Verdict: SOOO NOT TRUE
Even if it’s a cloudy day, that doesn’t mean you can’t get sunburnt, as 70-80% of UV rays still penetrate through clouds. Experience shows that you’re more likely to get burnt on a cloudy day as you believe the clouds offer protection, so you don’t bother to apply sunblock – always apply sunblock! The sunlight also intensifies when it reflects against snow, sand or water, so be mindful of that.
“Wearing SPF will prevent you from skin damage”
Verdict: NOT true
Even if you’re religious with your SPF application, you’re still exposing yourself to some UVA and UVB rays that can have an impact over time. This is why it’s really important to check your body regularly for any skin damage especially at the beginning of summer – before you start to spend time in the sun. The main thing you need to look out for are melanomas, which tend to resemble a mole, that begin to change in size, shape or color. They may become lumpy and may even bleed. Sometimes they occur in a pre-existing mole, but around half the time they occur in an area of normal skin.
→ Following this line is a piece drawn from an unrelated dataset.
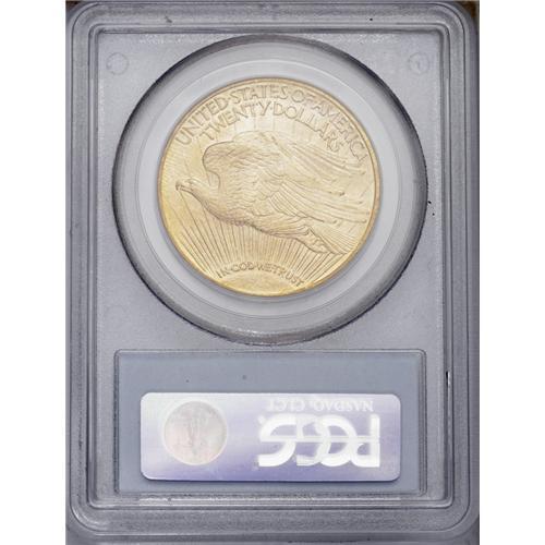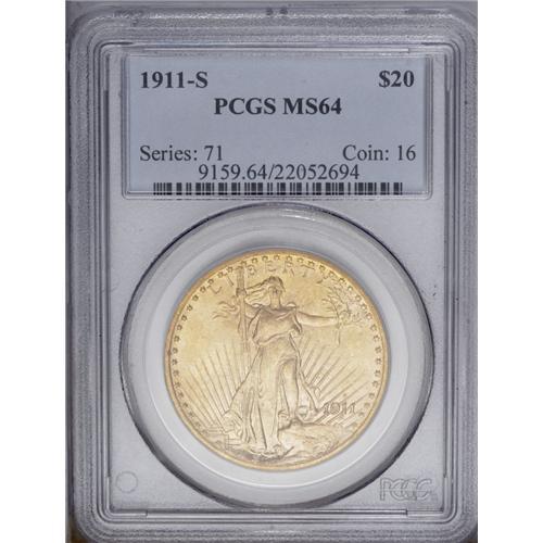 <B>1911-S<$20> MS64 PCGS.</B></I> Softly frosted mint luster radiates from the fine-grain surfaces of this pleasing reddish-gold Saint. Bold striking details are evident throughout, as a few minor abrasions on the reverse preclude the Gem designation. An attractive example of this somewhat scarcer date.

Here are the changes Dr. Friedmann insists you need to look out for regularly:
- Change in size: The mole looks unusual, asymmetrical or irregular.
- Border: The border becomes blurred, ill-defined or irregular.
- Color: More than 2 colors appear in the mole including brown, black or light areas giving a mottled appearance. A very dark or black appearance can occur.
- Diameter: If a mole is enlarging it should be reviewed.
If you do notice any of these changes, make sure you get them checked by a dermatologist.
If you’re STILL not convinced how crucial sun protection is for your skin, then check out this case study on the effect of sun on identical twins:
These are twins sisters, both aged 61. Susan on the right not only smokes but likes to spend as much time in the sun as possible (and she lives in Florida, so that’s pretty much the whole year!). Compared to Jeanne who spends as little time in the sun as possible. Researchers estimated that Susan looked a 11 years older, due to her dark spots, deep wrinkles, and sagging skin.